On 8 May 2018, the Democratic Alliance ceased Mayor Patricia de Lille's party membership, effectively removing her as Mayor of Cape Town and councillor with immediate effect. Neilson served ex-officio as acting Mayor until a new Mayor was set to be elected. Neilson declared his candidacy for the post, but subsequently lost to former Cape Town Mayor, Dan Plato.

He remained as Deputy Mayor for the rest of the term of office, during which Plato reappointed him as Mayoral Committee member for Finance.

Neilson's 15-year term as Mayoral Committee Member for Finance saw a strong improvement in the City's financial position. It moved from a near-insolvent position in 2006 with adverse audit opinions, to a well-funded and growing cashflow position and clean audits. He initiated city borrowings on the South African Bond Market. The financial position of the City enabled it to constantly grow the capital budget and expenditure on repairs and maintenance of city assets.

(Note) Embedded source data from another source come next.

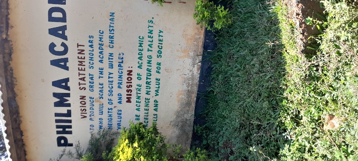 The image displays a cream-colored exterior wall of a building in Chevaywa ward, Kenya. Prominently painted in large black capital letters across the upper portion of the wall is "PHILMA ACADEM," with the final letter partially obscured by foliage. Below this, a "VISION STATEMENT" is painted in dark brown, followed by blue text reading: "TO PRODUCE GREAT SCHOLARS WHO WILL SCALE THE ACADEMIC HEIGHTS OF SOCIETY WITH CHRISTIAN VALUES AND PRINCIPLES." Below the vision, a "MISSION:" is painted in dark red, followed by green text stating: "BE A CENTRE OF ACADEMIC EXCELLENCE NURTURING TALENTS, SKILLS AND VALUE FOR SOCIETY." The wall exhibits weathering, including discoloration, patches of dirt, and areas where paint has flaked off, particularly in the lower-middle section. A dark blue or black painted strip runs horizontally along the bottom of the wall, where it meets the ground. A corrugated metal roof edge is visible along the top of the structure. The foreground is dominated by dense, unkempt green vegetation, including various grasses and leafy plants. A substantial green bush is present on the left side, partially obscuring the wall and text. Smaller green foliage grows along the base of the wall on the right. The scene is illuminated by natural daylight. No individuals, active subjects, or direct interactions are depicted.
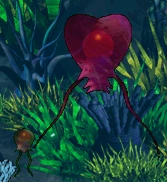 The Pest Jellyfish is an underwater inhabitant of Aquatilis Caverna that is related to the regular jellyfish. However, unlike their counterparts, these nasty critters can give your Creatures quite a shock! They seem to be a vegetarian, but if agitated enough, they morph into a much larger stage with a heart-shaped bell. If placed onland, their tentacles are retracted, they become unconscious, and if the jelly is large, it will shrink back down. Placing it back in water will revive them.
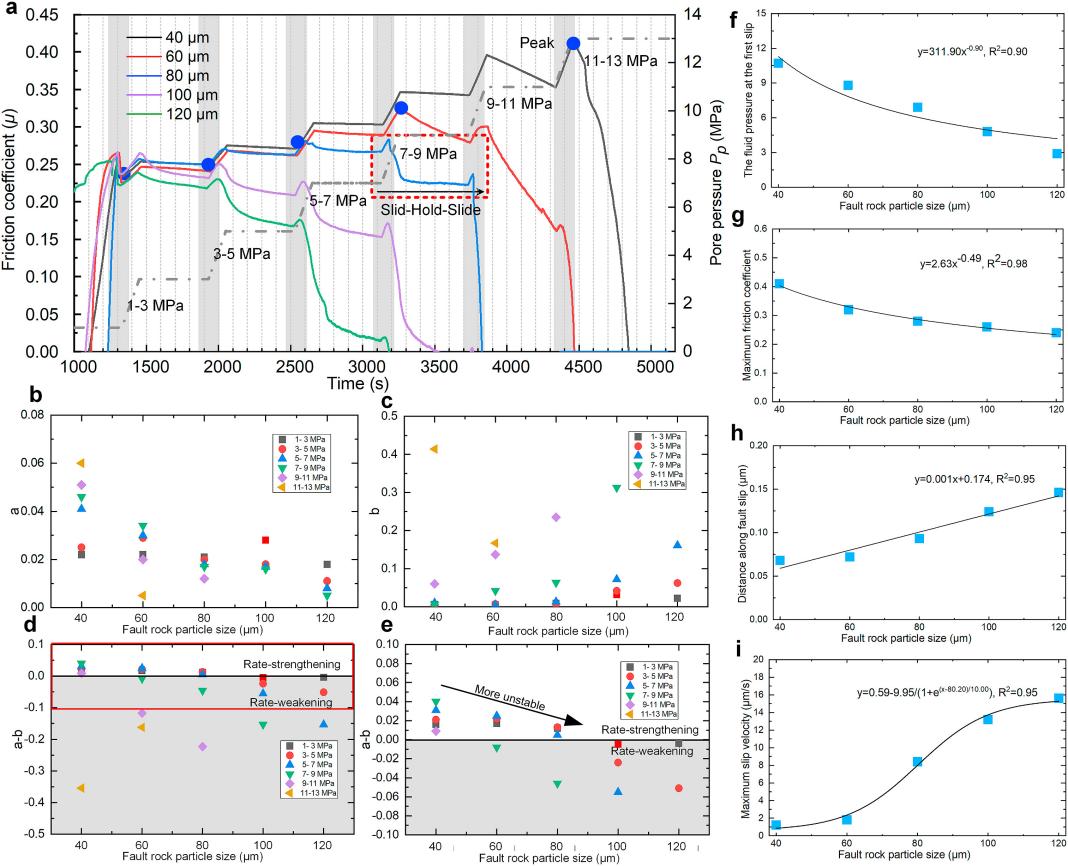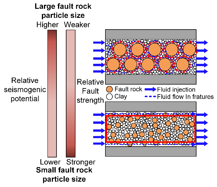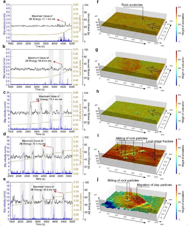 基于此背景,中国科学院武汉岩土力学研究所地下工程科研团队康永水等研究人员开展了室内试验和渗流力学的相关研究,主要研究成果如下:(1)开展了流体作用下含断层泥断层诱导滑移的三轴剪切渗流实验,研究了断层泥对断层滑移力学行为以及摩擦稳定性的影响,揭示了泥质充填节理剪切强度及剪切滑移机制;(2)研究了断层泥岩石粒径对断层滑移速度依赖特性的显著影响。结果表明,断层泥岩石粒径控制着断层滑移事件的发生,并且初始断层滑移所需的流体压力与岩石粒径呈负相关。并深入研究了水力耦合下断层泥诱导断层滑移破裂的微观机制,为深部软岩大变形灾害防控方法的研究提供了新的思路;(3)研究了断层带充填物含水率对粘土充填岩节理的抗剪强度的影响。研究发现当含水量超过塑性极限时岩石节理的抗剪强度呈负相关趋势,基于 JRC-JCS 强度准则,提出了富粘土填充岩石节理的剪切强度模型。
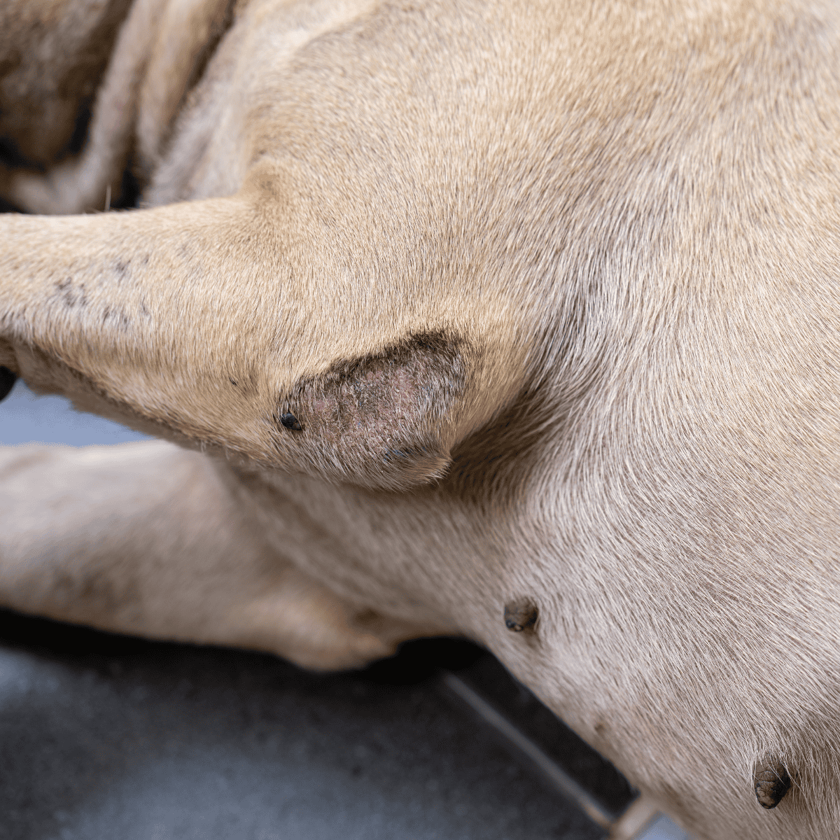 Parasites like fleas and mites can irritate a dog’s skin. Look for tiny moving bugs or black spots (flea dirt). Ticks often hide between the toes, under the legs, and behind the ears. Use tweezers close to the skin to remove ticks entirely.
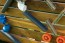 De l'autre côté du panneau, des crochets et une étagère permettent de ranger les seaux, pelles et accessoires.
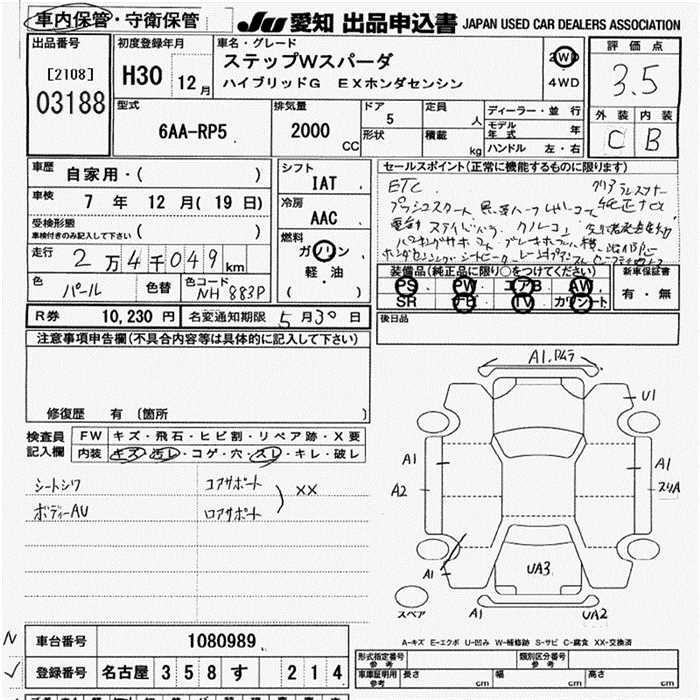 HONDA STEPWGN HYBRID G EX HONDA SENSIN - лот 3188
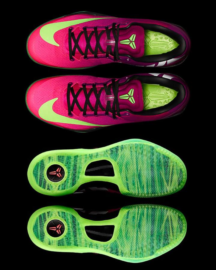 该鞋款配色的设计灵感来源于刺客Vapor足球鞋的设计元素,彰显科比对足球的热爱。
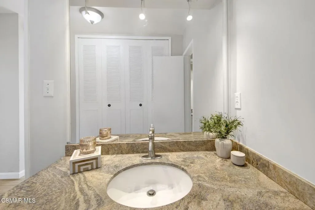 Welcome to this bright and private top-floor corner residence ideally situated in the heart of Sherman Oaks. With approximately 1,369 square feet of living space, this 2-bedroom, 2-bath condominium offers an exceptional combination of space, natural light, and thoughtful layout.Freshly painted interiors and laminate flooring create a warm, move-in-ready atmosphere throughout. The open-concept living and dining areas are anchored by a cozy fireplace and accented with stylish wall sconces, creating an inviting setting for both relaxing and entertaining. The kitchen features an expansive counter area, seamlessly opening to the main living space and enhancing connection throughout the home.A central hallway leads to a spacious secondary bedroom with a full wall of closet storage and an adjacent full bathroom. Privately tucked toward the rear of the unit, the generously sized primary suite offers abundant closet space along with a dedicated dressing area and an additional vanity before entering the en-suite bath.As a third-floor corner unit, the home enjoys pleasant treetop views, lots of natural light, and only one shared wall, offering enhanced privacy along with the benefit of no neighbors above. The home also provides excellent in-unit storage, including a large interior closet suitable for additional pantry space or even a secondary refrigerator.Additional highlights include two side-by-side parking spaces in a secure gated garage, elevator access, controlled entry, and community laundry facilities conveniently located throughout the building.Residents enjoy beautifully maintained grounds and a community pool, all just moments from Whole Foods, Ventura Boulevard’s popular dining and shopping, Studio City, and convenient freeway access.A rare opportunity to own a spacious and private top-floor home in one of Sherman Oaks’ most sought-after locations.

At the 2021 election, due to term limits, Neilson could not serve a further term as Deputy Mayor, having already exceeded the two terms of office permitted (his initial two years in the office, having started after the start of the term, did not count towards the term limit).

Neilson was reelected as a Proportional List City Councillor in the 2021 municipal election. He has served the term as the Chairman of the Water and Sanitation Portfolio Committee, the Chairman of the Planning Appeals Advisory Panel and the Chairman of the Disciplinary Committee.